Le 17 mai dernier, le pape Jean-Paul II recevait les Lettres de créance du nouvel ambassadeur du Soudan auprès du Saint-Siège, M. Abdelbasit Badawî Ali El Sanossi. Le Pape déplore les discriminations des minorités en rappelant que le respect mutuel passe par « le respect du droit à l’existence et à l’identité des minorités présentes à l’intérieur du pays ». Cela constitue un signe clair d’une société qui sait intégrer les richesses culturelles qui la composent et favoriser la participation de tous à la vie politique, économique et sociale du pays. Dans le même temps, il importe que les personnes rejettent toute discrimination basée sur des critères ethniques, culturels ou religieux. L’unité nationale se construit dans l’accueil de la diversité, cherchant à la faire concourir au bien commun et au développement intégral de tous les habitants ».

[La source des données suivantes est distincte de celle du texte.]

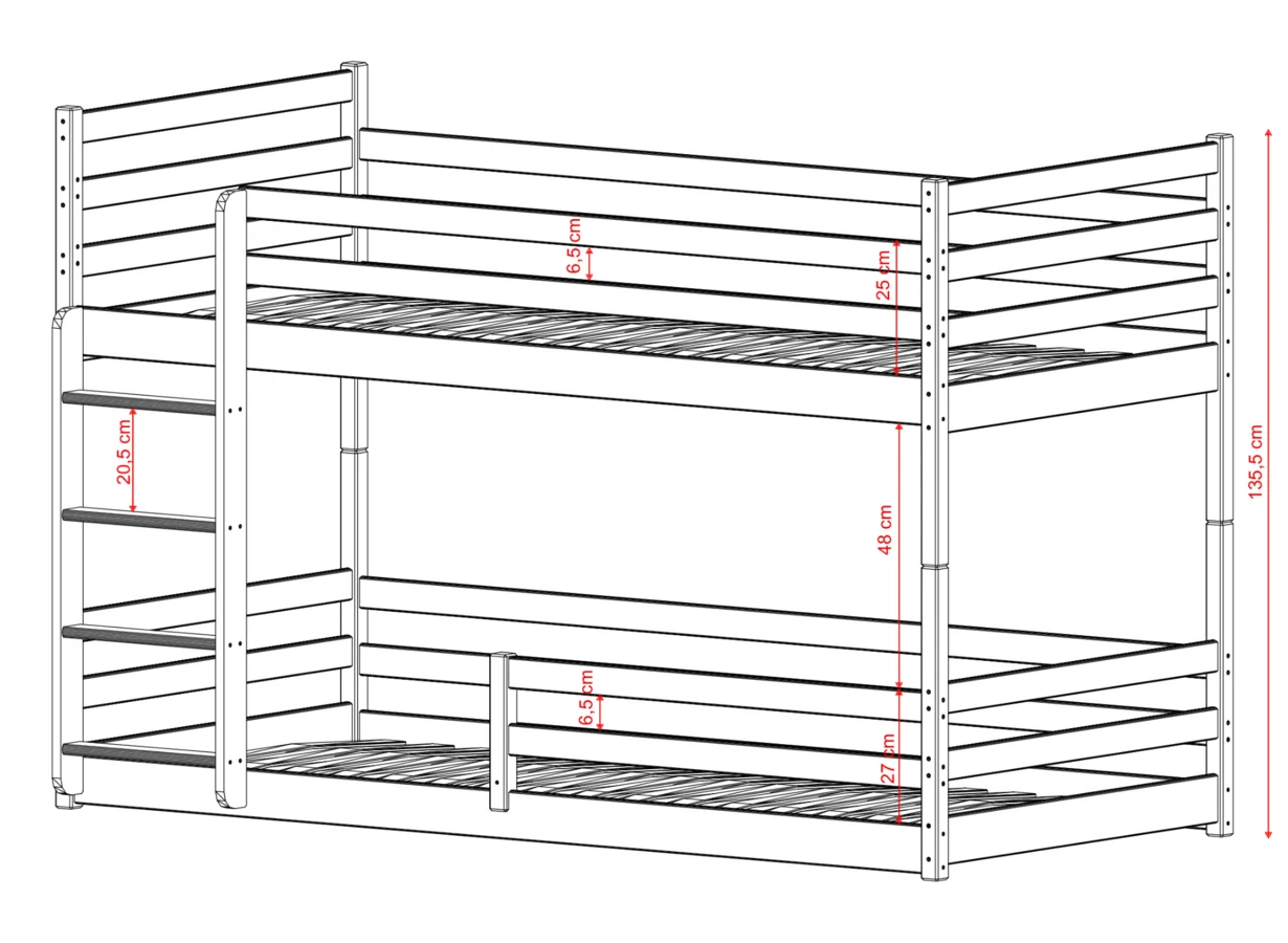 Postel je vyrobená z kvalitního borovicového dřeva, které je pevné, odolné a ekologické.

En achevant son allocution, Jean Paul II tient à évoquer devant son interlocuteur musulman la vitalité de la communauté catholique du Soudan : « Qu’elle poursuive dans la charité sa mission éminente de servir le Christ en servant ses frères, soutenue par la prière de sainte Joséphine Bakhita ! L’Église catholique sera, pour sa part, toujours disponible pour mettre ses compétences et ses institutions au service de la promotion humaine de tous les Soudanais, dans des domaines tels que l’éducation, la santé, l’assistance sociale. Elle accomplit cette mission dans la fidélité à son Seigneur et avec la volonté consciente d’offrir, en particulier dans un dialogue loyal avec ses frères musulmans, des chemins nouveaux pour que viennent la justice et la paix, auxquelles les peuples aspirent si ardemment ». Cette Église compte pour cela sur notre prière et notre soutien.

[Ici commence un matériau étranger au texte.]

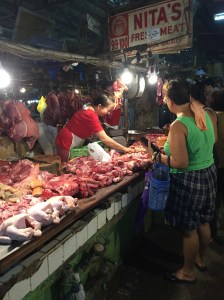 As we walk deeper into the warehouse past the fish vendors we come upon the the prutas at gulay (fruits and vegetables) stands. Their stands have many tiers. Fruits, vegetables, leaves, roots, and spices hang, drape and pile on every open surface. The fruits are strange, and one vendor rip open red fuzzy fruits for us to try. The flesh is white and so sweet we decide to buy a kilo, 90P lang. Collecting new fruits and vegetables along the way we walk even further to the carne vendors. These stands are far from the ambient light of the city but they still glow bright red and I get that eerily feeling that we’re walking into a horror movie. Every part of the animal hangs from giant silver hooks or is set out on silver platters. The vendors wear a white apron stained pink by their work and swing a giant cleaver to chop up kilos of meat.

* Directeur de l’AED pour la France. Auteur d’une dizaine d’ouvrages sur les Églises persécutées, il est le rédacteur en chef de la revue « L’Église dans le monde ». Il collabore aux travaux de la Commission des « Nouveaux martyrs à Rome » et a publié « Un siècle de témoins, les martyrs du XXe siècle ».

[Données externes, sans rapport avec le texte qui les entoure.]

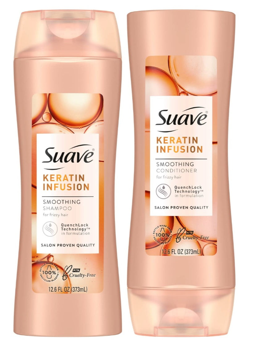 Suave keratin infusion shampoo and condioneeTransform your frizzy hair with Suave keratin infusion smoothing shampoo and conditioner. Wet hair, massage into scalp, and rinse for salon-quality results. Tame your locks and enjoy smooth, frizz-free hair all day long with this proven formula. Give your hair the love it deserves with Suave.

- Il faut saluer le travail remarquable de Vigilance Soudan, sans qui cette situation resterait sans doute aussi méconnue qu’il y a dix ou vingt ans. Vigilance Soudan, www.vigilsd.org et BP 184 – 75665 Paris Cedex 14.
- Cf. Soudan, Dossiers de l’AED, 2001.
- Il existe aussi une Église épiscopalienne (anglicane) et des Églises protestantes qui montrent la même vitalité.